Hint of xenophobia in concern at foreign buyers
An Auckland real estate agent has spoken out, concerned about Chinese buyers paying top dollar for properties and forcing New Zealanders out of the market.
It comes amid claims that the New Zealand property market is one of the least regulated in the world for foreign nationals with money to spend
But every time research is done into this subject, it turns up the fact that while Asian buyers may be a favourite target for the finger-pointers, they aren’t the people buying up large in this country.
The Overseas Investment Office says foreigners only need approval under certain conditions, such as when a deal is worth more than $100 million, when more than 5ha of land is involved or if the land is deemed sensitive, such as farmland or land adjoining a reserve or on the edge of a lake.
The office’s statistics show that Chinese ownership of land in New Zealand is 150ha, compared to 20,000ha owned by US investors.
British and Australian investors are by far the biggest foreign purchasers of land in New Zealand.
Between 2007 and 2011, Australian investors paid $10.6 billion in OIO transactions. They were followed by the US, with $10b, Japan at $5b and the UK at $3b. China does not even register in the lengthy list of countries that have invested. The 2002 to 2006 figures show Chinese investors were responsible for deals of just $162 million.

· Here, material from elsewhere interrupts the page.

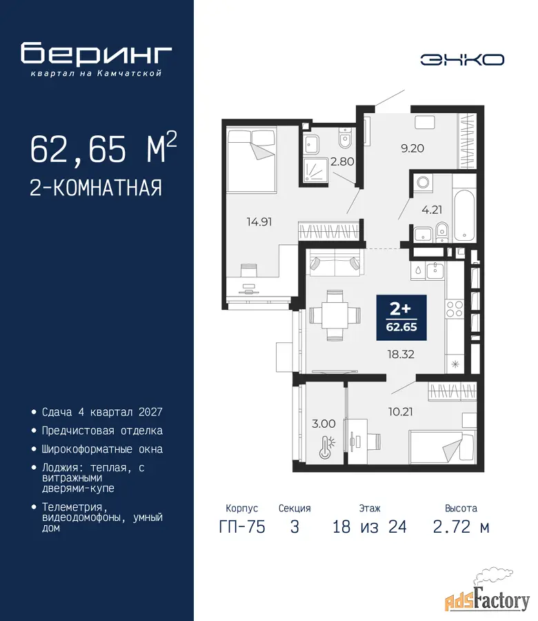 | Общая площадь (кв.м) | 62.65 |

The argument that absentee landlords channelling Kiwi dollars back to their home nations are bad for this country is understandable but when we start drawing lines, it’s hard to know where to stop.
If a New Zealander owns a property, and is moving overseas, should they be forced to sell, even at a loss?
If someone has their property on the market, should they be forced to take a lower offer from a Kiwi resident over a better deal from a foreign buyer?
If we are going to clamp down on foreign ownership, it should affect all foreign owners – and come with a full understanding of the potential consequences.